### SUPPLIED DATA
^^^^^^^^^^^^^^^^

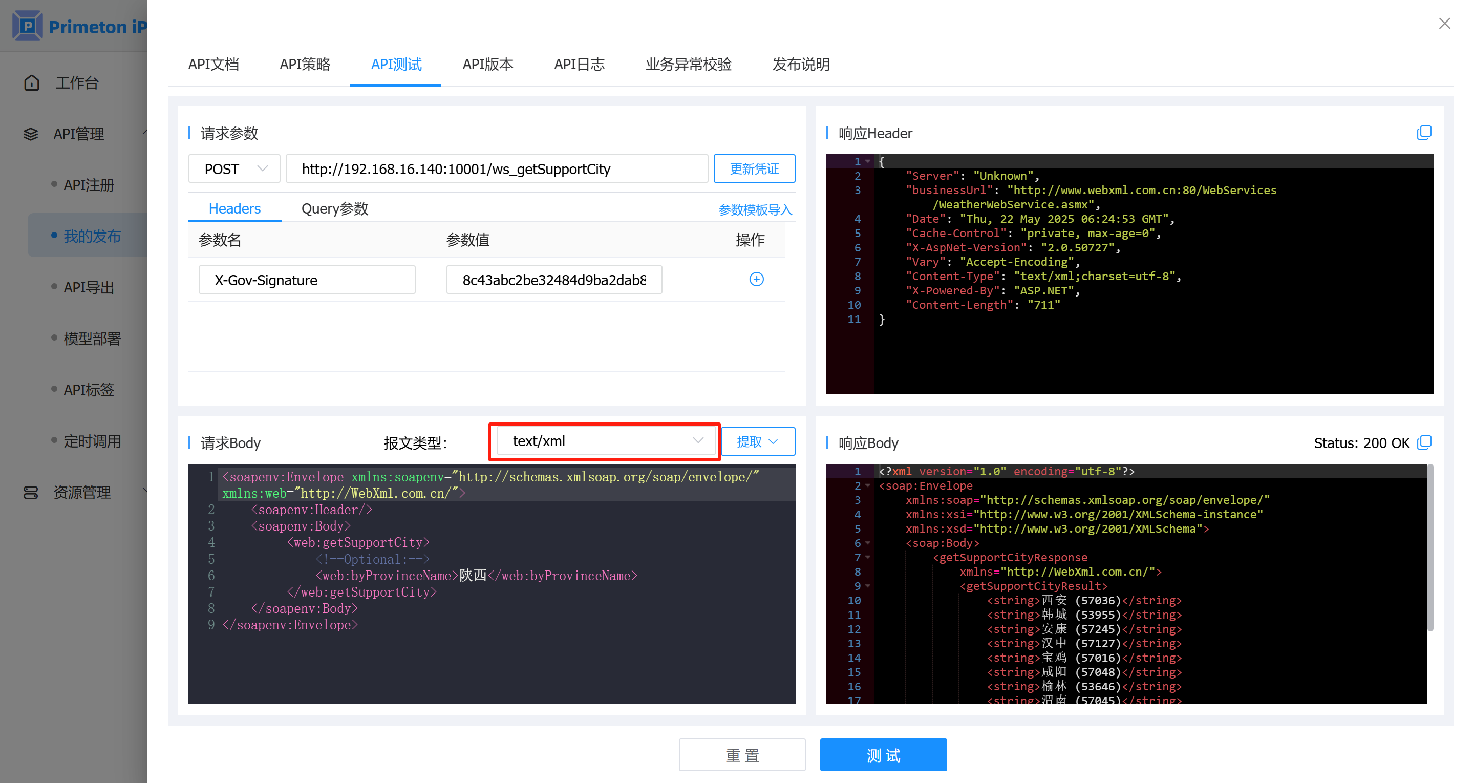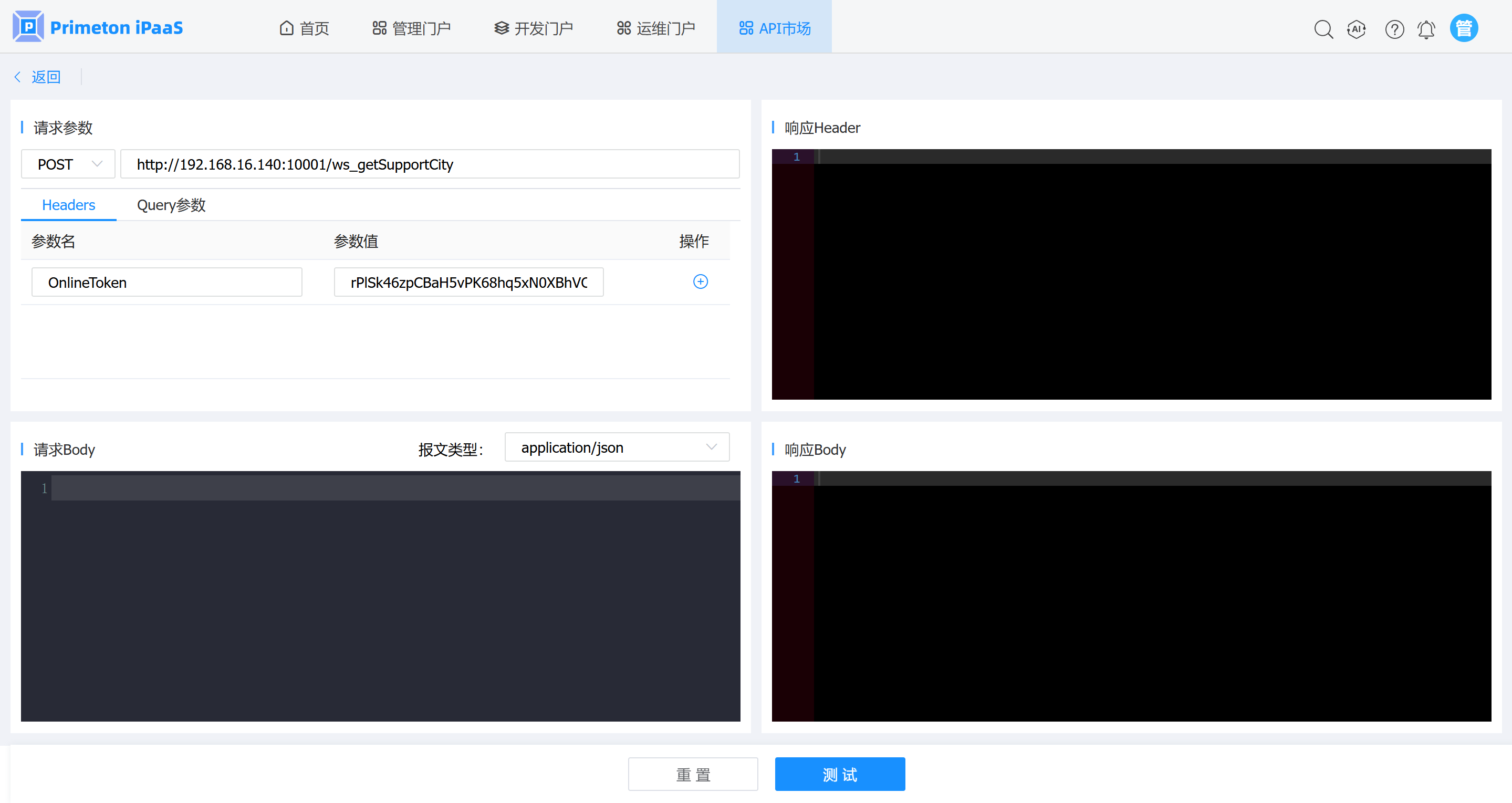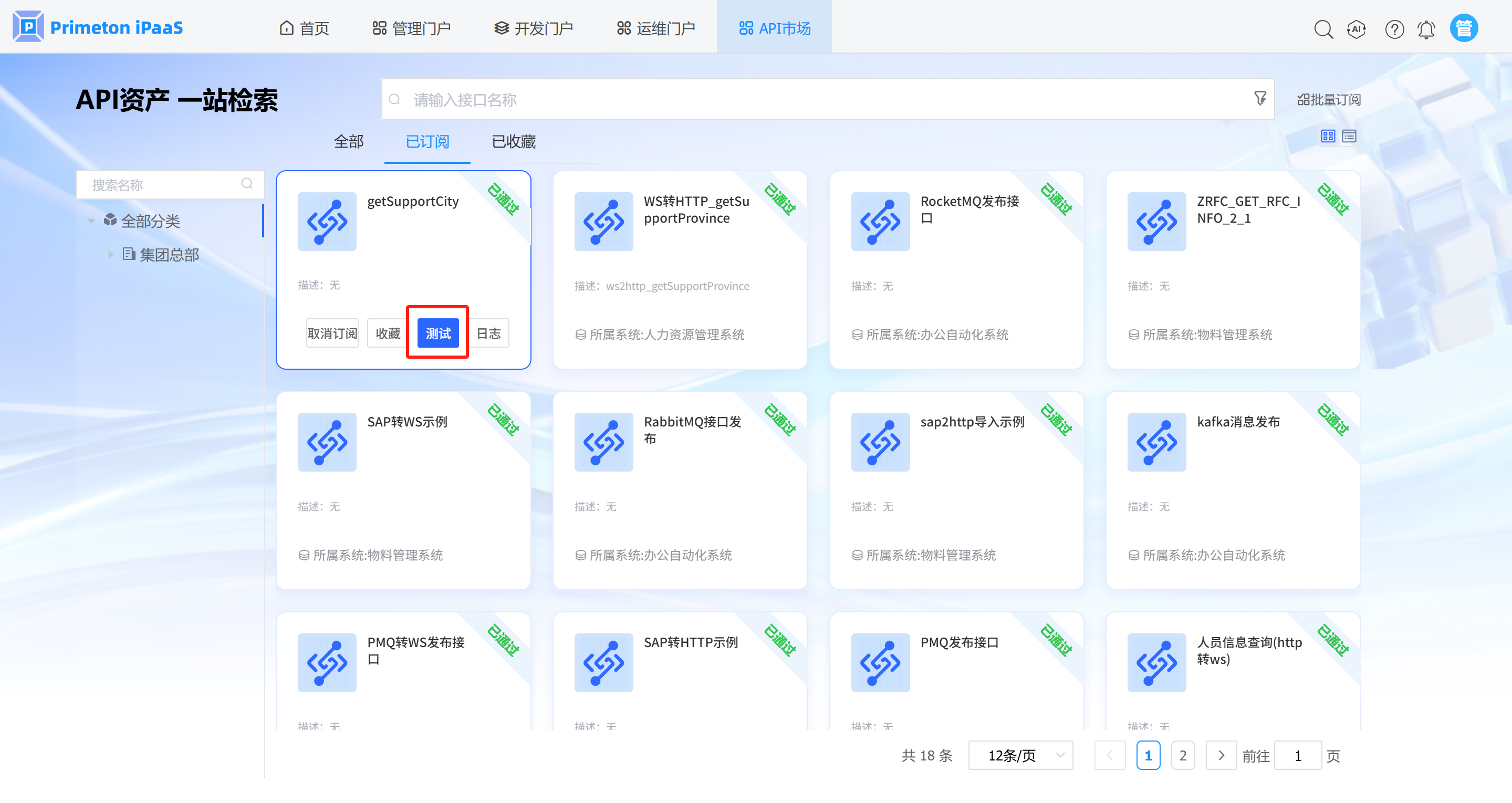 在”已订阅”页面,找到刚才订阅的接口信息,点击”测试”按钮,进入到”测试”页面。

^^^^^^^^^^^^^^^^

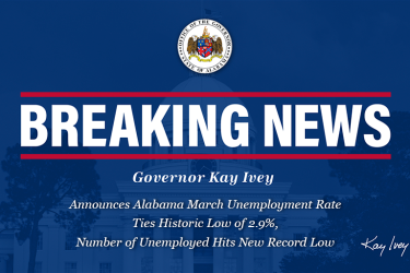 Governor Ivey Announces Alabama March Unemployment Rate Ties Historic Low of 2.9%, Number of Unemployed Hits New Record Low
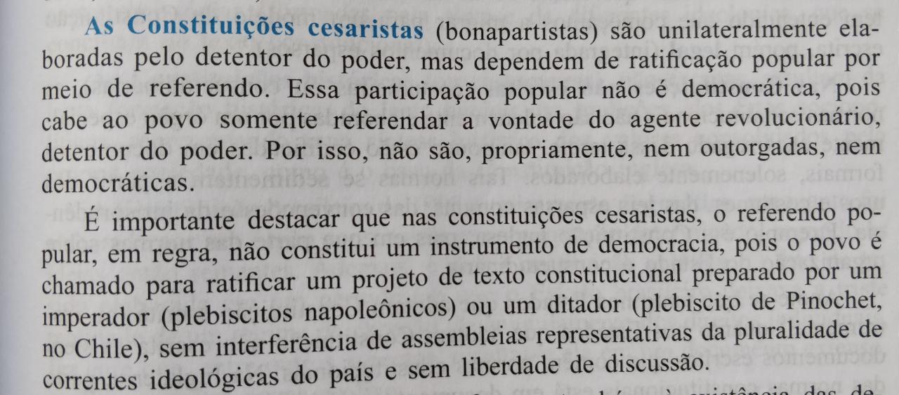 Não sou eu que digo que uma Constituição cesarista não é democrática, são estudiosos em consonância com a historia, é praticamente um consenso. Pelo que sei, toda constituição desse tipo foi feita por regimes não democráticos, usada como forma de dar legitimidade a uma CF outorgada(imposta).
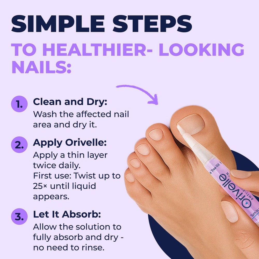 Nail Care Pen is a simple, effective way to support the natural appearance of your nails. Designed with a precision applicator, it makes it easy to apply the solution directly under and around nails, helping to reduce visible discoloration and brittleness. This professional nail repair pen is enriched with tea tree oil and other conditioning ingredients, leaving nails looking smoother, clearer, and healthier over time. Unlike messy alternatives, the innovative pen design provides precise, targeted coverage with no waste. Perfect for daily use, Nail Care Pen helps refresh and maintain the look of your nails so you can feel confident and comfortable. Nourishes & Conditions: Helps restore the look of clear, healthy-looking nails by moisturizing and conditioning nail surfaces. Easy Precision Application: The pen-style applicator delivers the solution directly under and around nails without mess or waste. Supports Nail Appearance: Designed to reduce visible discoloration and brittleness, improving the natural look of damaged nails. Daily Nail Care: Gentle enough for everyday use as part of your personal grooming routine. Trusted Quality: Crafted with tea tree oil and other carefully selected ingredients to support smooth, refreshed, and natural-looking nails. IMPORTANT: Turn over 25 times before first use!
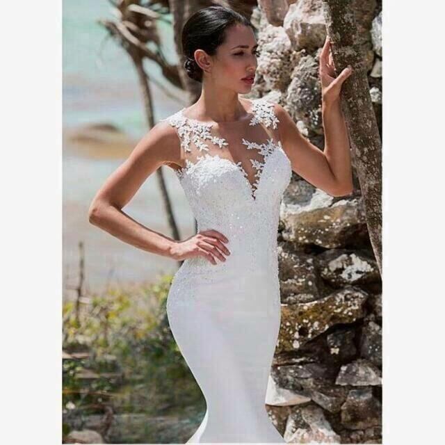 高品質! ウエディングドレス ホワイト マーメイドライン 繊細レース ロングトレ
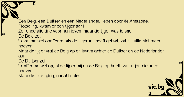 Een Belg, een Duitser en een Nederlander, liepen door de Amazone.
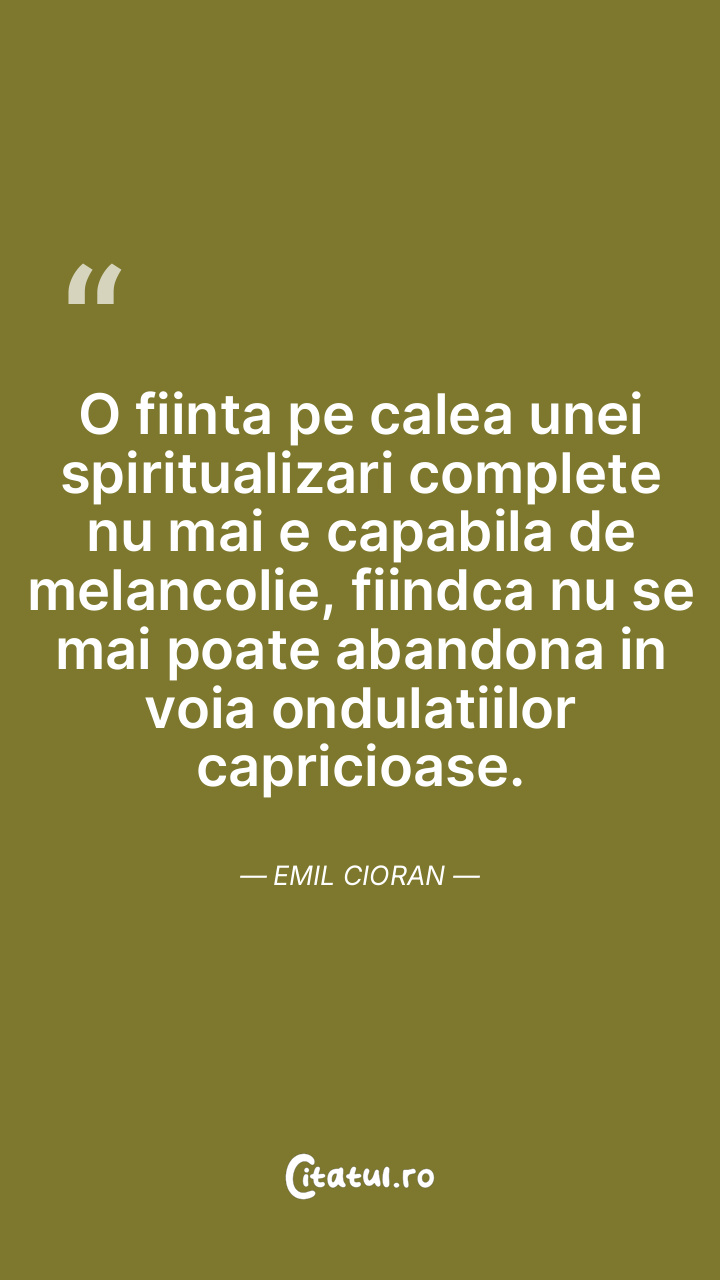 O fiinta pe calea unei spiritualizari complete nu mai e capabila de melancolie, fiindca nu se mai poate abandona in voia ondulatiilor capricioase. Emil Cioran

^^^^^^^^^^^^^^^^

### YOUR OBJECTIVE
I'd like the lines above repeated exactly, from the one that contains "Nail Care Pen is" through the one that contains "O fiinta pe", with no pictures.

### RESULT FOR THIS EXERCISE
 Nail Care Pen is a simple, effective way to support the natural appearance of your nails. Designed with a precision applicator, it makes it easy to apply the solution directly under and around nails, helping to reduce visible discoloration and brittleness. This professional nail repair pen is enriched with tea tree oil and other conditioning ingredients, leaving nails looking smoother, clearer, and healthier over time. Unlike messy alternatives, the innovative pen design provides precise, targeted coverage with no waste. Perfect for daily use, Nail Care Pen helps refresh and maintain the look of your nails so you can feel confident and comfortable. Nourishes & Conditions: Helps restore the look of clear, healthy-looking nails by moisturizing and conditioning nail surfaces. Easy Precision Application: The pen-style applicator delivers the solution directly under and around nails without mess or waste. Supports Nail Appearance: Designed to reduce visible discoloration and brittleness, improving the natural look of damaged nails. Daily Nail Care: Gentle enough for everyday use as part of your personal grooming routine. Trusted Quality: Crafted with tea tree oil and other carefully selected ingredients to support smooth, refreshed, and natural-looking nails. IMPORTANT: Turn over 25 times before first use!
 高品質! ウエディングドレス ホワイト マーメイドライン 繊細レース ロングトレ
 Een Belg, een Duitser en een Nederlander, liepen door de Amazone.
 O fiinta pe calea unei spiritualizari complete nu mai e capabila de melancolie, fiindca nu se mai poate abandona in voia ondulatiilor capricioase. Emil Cioran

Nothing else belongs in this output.